如果有skip_initramfs参数,那么mount打包在system.img中的normal ramdisk;否则mount打包在boot.img中的recovery ramdisk。
参数BOARD_BUILD_SYSTEM_ROOT_IMAGE的配置决定是将normal ramdisk打包到boot.img中还是打包到system.img中。
打包到boot.img中:
BOARD_BUILD_SYSTEM_ROOT_IMAGE := false
打包到system.img中:
BOARD_BUILD_SYSTEM_ROOT_IMAGE := true
1.3 AVB验证流程
需要提前挂载分区的fstab来自于commandline的androidboot.android_dt_dir
1)bootloader使用内置的OEM pubk验证vbmeta.img,验证通过后用vbmeta.img中的boot pubk验证boot.img,如果验证通过就启动boot.img
2)init启动后,init/fs_mgr使用vbmeta.img中的vendor pubk、system pubk、odm pubk验证vendor.img、system.img、odm.img,验证通过就mount,否则不会mount
Figure 1-1 Dm-verity的工作流程
编译生成Metadata流程:
@ build/core/Makefile
->
@ build/tools/releasetools/build_image.py
->
BuildVerityTree() - 用来生成dm_verity需要的签名数据
BuildVerityMetadata() - 生成Metadata数据
->
@ system/extras/verity/build_verity_metadata.py
->
build_verity_metadata()
1.4 Disable System Dm-verity
@ device/{ro.boot.hardware}/{ro.board.platform}/fstab.{ro.boot.hardware}
Change
/dev/block/bootdevice/by-name/system /system ext4 ro,barrier=1,discard wait, avb
to
/dev/block/bootdevice/by-name/system /system ext4 ro,barrier=1,discard wait
可以使用内核配置 CONFIG_DM_VERITY_HASH_PREFETCH_MIN_SIZE(默认大小为 128)来启用 dm-verity 哈希预提取大小。该修改可提升启动速度。
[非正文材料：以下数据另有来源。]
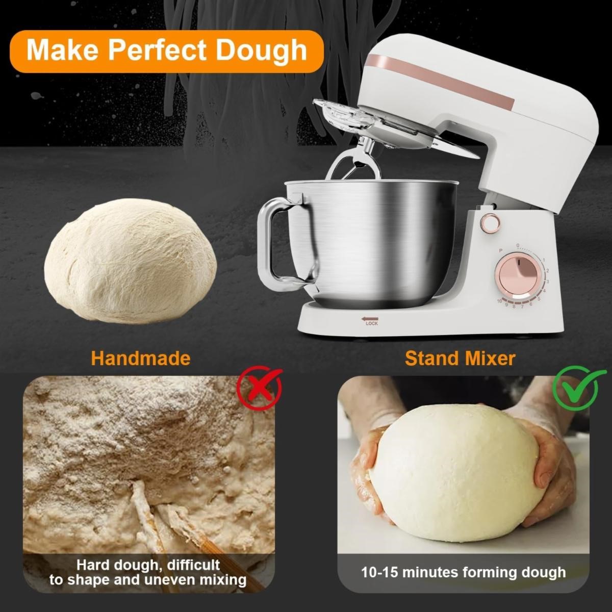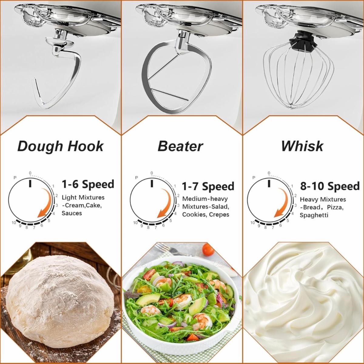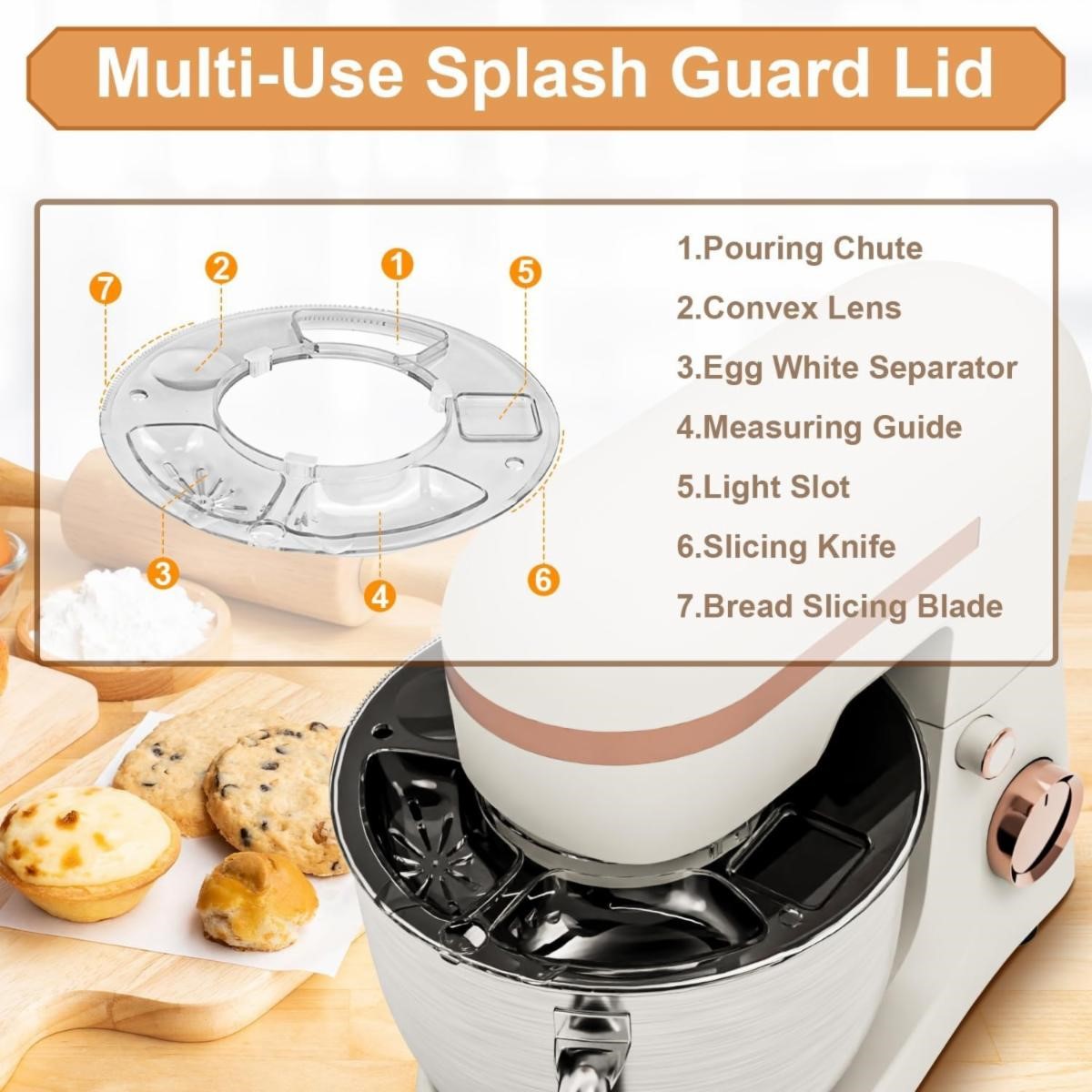 Whisk, Beater & Splash Guard, Electric Kitchen Mixer for Baking

1.5 AndroidO userdebug版本运行时禁止dm-verity
AndroidO dm-verity disable flag存在于vbmeta.img(keystore分区)中;而老版本是放置在system.img分区的dm-verity metadata中。
1)在设置中打开OEM unlocking选项
2)在设置中打开USB debugging选项
3)adb reboot bootloader
4)fastboot flashing unlock和fastboot oem unlock
5)fastboot reboot
6)adb root
7)adb disable-verity
8)adb reboot
9)adb root
10)adb remount
1.6 AndroidO userdebug版本刷机时禁止dm-verity
AndroidO dm-verity disable flag存在于vbmeta.img(keystore分区)中;而老版本是放置在system.img分区的dm-verity metadata中。
1)在设置中打开OEM unlocking选项
2)在设置中打开USB debugging选项
3)adb reboot bootloader
4)fastboot flashing unlock和fastboot oem unlock
5)fastboot --disable-verity --disable-verification flash vbmeta vbmeta.img
6)fastboot reboot
7)adb root
8)adb remount
2 Android selinux How-to
2.1 LSM(Linux Security Module)的五种实现
SELinux:Security Enhanced Linux,基于inode,Android当前使用的就是这种
SMACK:Simple Mandatory Access Control Kernel,基于inode
Tomoyo:日本女人名“智代”,日本人实现的代码,基于path
AppArmor:应用盔甲,AppArmor is installed by default in Ubuntu
Yama:来自梵文,中文名为“阎罗”,只处理ptrace和文件链接
2.2 注释
avc - Access Vector Cache
avd - Access Vector Decision,访问向量决策
ssid - 主体的安全标识
tsid - 客体的安全标识
tclass - 客体安全类型
requested - 申请检查的权限
auditdata - 附加的审计数据,主要产生审计日志,供内核kauditd和用户auditd保存日志到磁盘中,当权限检查失败时,内核会打印审计不通过的log,参考另一篇文章Linux auditd
2.3 编译时强制打开selinux
BOARD_KERNEL_CMDLINE += androidboot.selinux=enforcing
2.4 查看设备节点的sepolicy权限
ls -alZ /dev/kmsg
2.5 not_full_treble
如果遇到execute_no_trans无法通过编译neverallow检查,就需要用到这个宏
2.6 根据avc log自动生成Android Selinux策略
2.6.1 生成policy文本文件
1)提取所有的avc log
adb shell "cat /proc/kmsg | grep avc" > avc_log.txt
or
adb shell
dmesg | grep avc > /dev/avc_log.txt
adb pull /dev/avc_log.txt .
2)使用audit2allow直接生成policy
sudo apt-get install policycoreutils
audit2allow -i avc_log.txt -o output_pol.te
vi output_pol.te
2.6.2 直接插入到sepolicy文件中
adb shell
dmesg > /dev/kern_msg.txt
adb pull /dev/kern_msg.txt .
cat kern_msg.log | audit2allow -p out/target/product/<device>/root/sepolicy
2.7 打开关闭Sepolicy
需要android版本是usereng/eng
adb root
adb shell
关闭:
# setenforce 0
打开:
# setenforce 1
2.8 添加到启动脚本中禁止security
on nonencrypted
# A/B update verifier that marks a successful boot.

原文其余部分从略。